## Given data:
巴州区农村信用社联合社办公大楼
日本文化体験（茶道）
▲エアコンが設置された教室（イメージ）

--

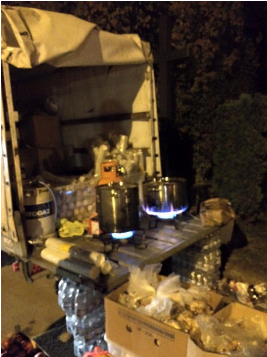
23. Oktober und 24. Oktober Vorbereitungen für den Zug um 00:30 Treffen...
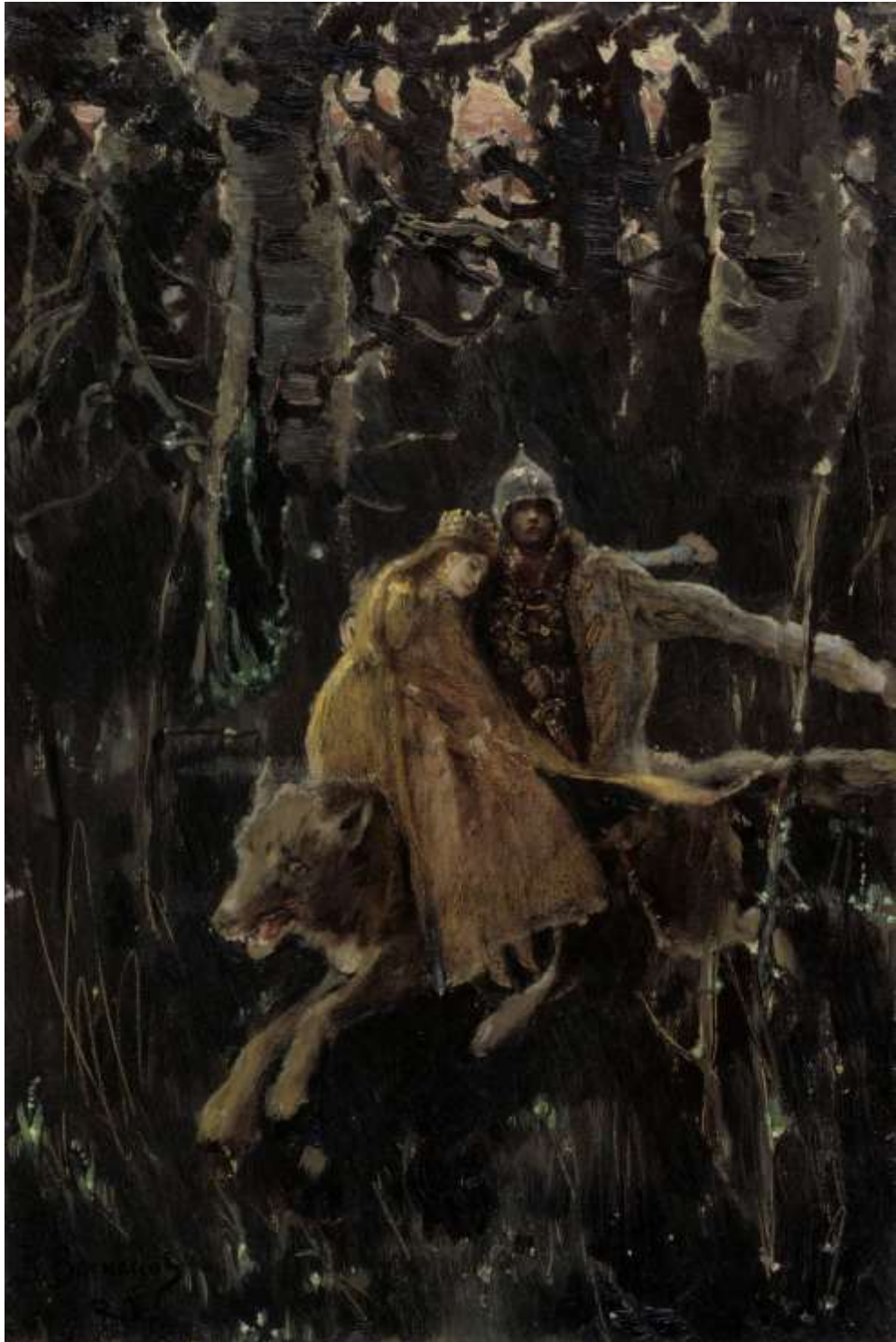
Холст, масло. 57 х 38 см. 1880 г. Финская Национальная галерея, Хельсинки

## Instructions for the task:
Once the line with "23. Oktober und" has been found above, output that line and every later line exactly, stopping after the line with "Холст, масло. 57", and omit the pictures.

## Answer space:
23. Oktober und 24. Oktober Vorbereitungen für den Zug um 00:30 Treffen...
Холст, масло. 57 х 38 см. 1880 г. Финская Национальная галерея, Хельсинки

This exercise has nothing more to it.